[Opening Record excerpts section]

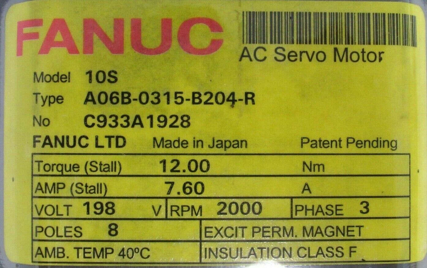 REFURBISHED FANUC A06B-0315-B204-R SERVO MOTOR A06B0315B204R A06B-0315-B204
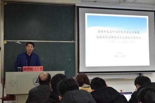 韩美群教授对陈家刚教授的精彩讲学表示感谢并做了总结发言,陈家刚教授的讲话理论功底深厚,及时、全面、准确的解读了十九届四中全会,且具有专业性、权威性、系统性、深刻性的特点,为我们传递了学术研究的精神。
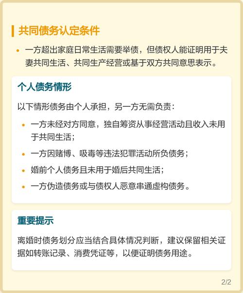 - 超出家庭日常生活需要:夫妻一方在婚姻关系存续期间以个人名义超出家庭日常生活需要所负的债务,不属于夫妻共同债务;债权人能够证明该债务用于夫妻共同生活、共同生产经营或者基于夫妻双方共同意思表示的除外。
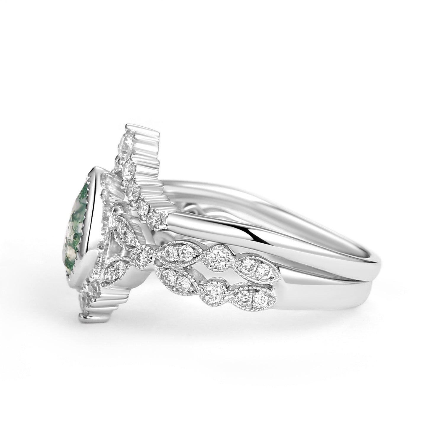 Pear Moss Agate Vintage Infinity Ring Set 2pcs - Vivienne
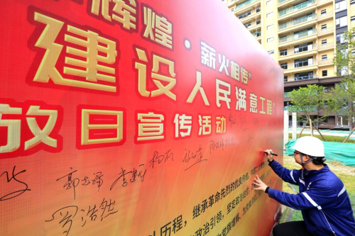 在辦實(shí)事、開新局環(huán)節(jié),項(xiàng)目全體黨員在黨旗下重溫入黨誓詞,表示要踐行長征精神,建設(shè)人民滿意工程,更加堅(jiān)定作為一名共產(chǎn)黨員的理想信念;活動中,中國二冶黨群工作部向黨員突擊隊(duì)和青年突擊隊(duì)授旗,各方代表表達(dá)了“踐行初心使命,認(rèn)真履職盡責(zé)”的決心;全體職工簽下請戰(zhàn)書,紛紛表示將繼續(xù)充分發(fā)揚(yáng)“一天也不耽誤,一天也不懈怠”的中冶精神,以求真務(wù)實(shí)、開拓創(chuàng)新的精神,把全部力量凝聚到項(xiàng)目建設(shè)中來,向成都市人民交出一份滿意的答卷,隨后,各方代表圍繞安全環(huán)保、項(xiàng)目建設(shè)、工程質(zhì)量、工程進(jìn)度等情況進(jìn)行充分探討,對中國二冶董家埂社區(qū)工程的建設(shè)亮點(diǎn)進(jìn)行深入了解。
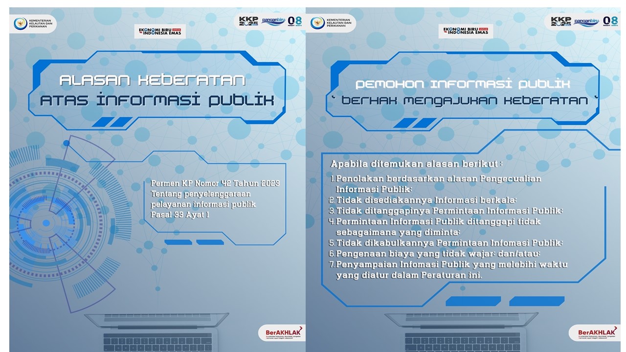 Sesuai dengan Peraturan Menteri Kelautan dan Perikanan Republik Indonesia nomor 42 tahun 2023 tentang penyelenggaraan layanan informasi publik di lingkungan Kementerian Kelautan dan Perikanan, pemohon berhak untuk mengajukan keberatan atas informasi. ...
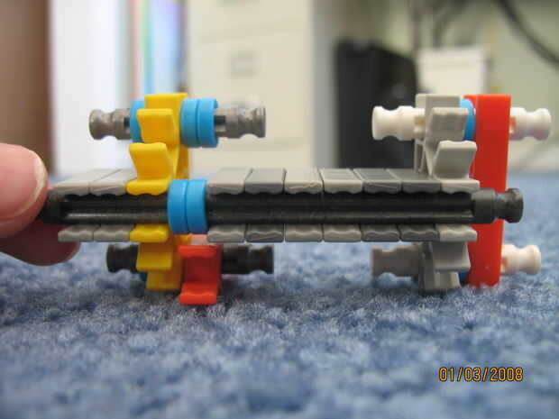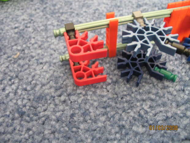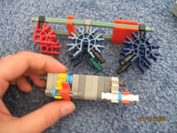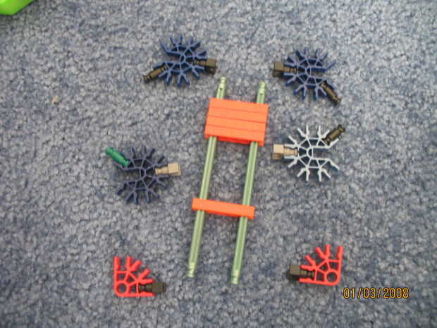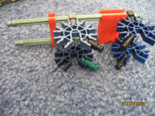 esta es un arma de KVG que usted puede hacer si no tienes muchas piezasPaso 1: Reunir las piezas para hacer el arma que vas a necesitarmango2 conectores verdes2 barras verdesbarra azul 14 conectores de púrpuraCañón3 barras rojas2 barras amarillas2 ba
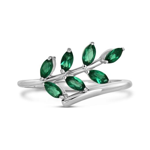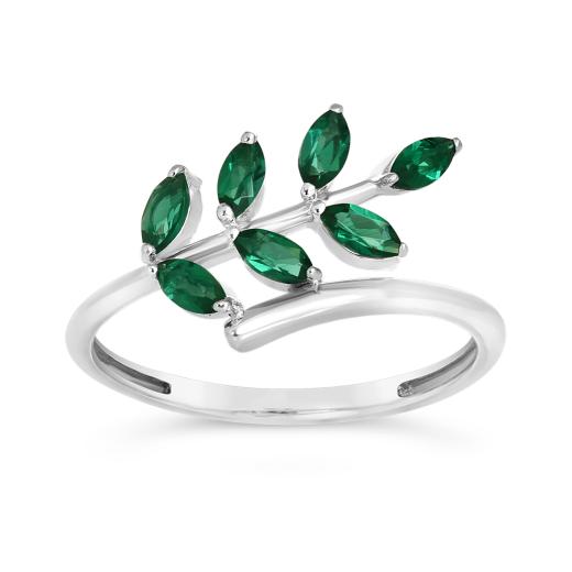 This trendsetting leaf shaped ring is crafted in lustrous sterling silver and features 7 marquise-cut created emeralds clustered in a unique leaf inspired design. Instantly elevate any ensemble with this sumptuous gemstone ring.

[Closing Record excerpts section]

◆ **What to do**: All lines from the one containing "在辦實(shí)事、開新局環" through the end of the entries, both ends included, should be written out exactly, with no pictures.

◆ **Answer for this exercise**:
 在辦實(shí)事、開新局環(huán)節(jié),項(xiàng)目全體黨員在黨旗下重溫入黨誓詞,表示要踐行長征精神,建設(shè)人民滿意工程,更加堅(jiān)定作為一名共產(chǎn)黨員的理想信念;活動中,中國二冶黨群工作部向黨員突擊隊(duì)和青年突擊隊(duì)授旗,各方代表表達(dá)了“踐行初心使命,認(rèn)真履職盡責(zé)”的決心;全體職工簽下請戰(zhàn)書,紛紛表示將繼續(xù)充分發(fā)揚(yáng)“一天也不耽誤,一天也不懈怠”的中冶精神,以求真務(wù)實(shí)、開拓創(chuàng)新的精神,把全部力量凝聚到項(xiàng)目建設(shè)中來,向成都市人民交出一份滿意的答卷,隨后,各方代表圍繞安全環(huán)保、項(xiàng)目建設(shè)、工程質(zhì)量、工程進(jìn)度等情況進(jìn)行充分探討,對中國二冶董家埂社區(qū)工程的建設(shè)亮點(diǎn)進(jìn)行深入了解。
 Sesuai dengan Peraturan Menteri Kelautan dan Perikanan Republik Indonesia nomor 42 tahun 2023 tentang penyelenggaraan layanan informasi publik di lingkungan Kementerian Kelautan dan Perikanan, pemohon berhak untuk mengajukan keberatan atas informasi. ...
 esta es un arma de KVG que usted puede hacer si no tienes muchas piezasPaso 1: Reunir las piezas para hacer el arma que vas a necesitarmango2 conectores verdes2 barras verdesbarra azul 14 conectores de púrpuraCañón3 barras rojas2 barras amarillas2 ba
 This trendsetting leaf shaped ring is crafted in lustrous sterling silver and features 7 marquise-cut created emeralds clustered in a unique leaf inspired design. Instantly elevate any ensemble with this sumptuous gemstone ring.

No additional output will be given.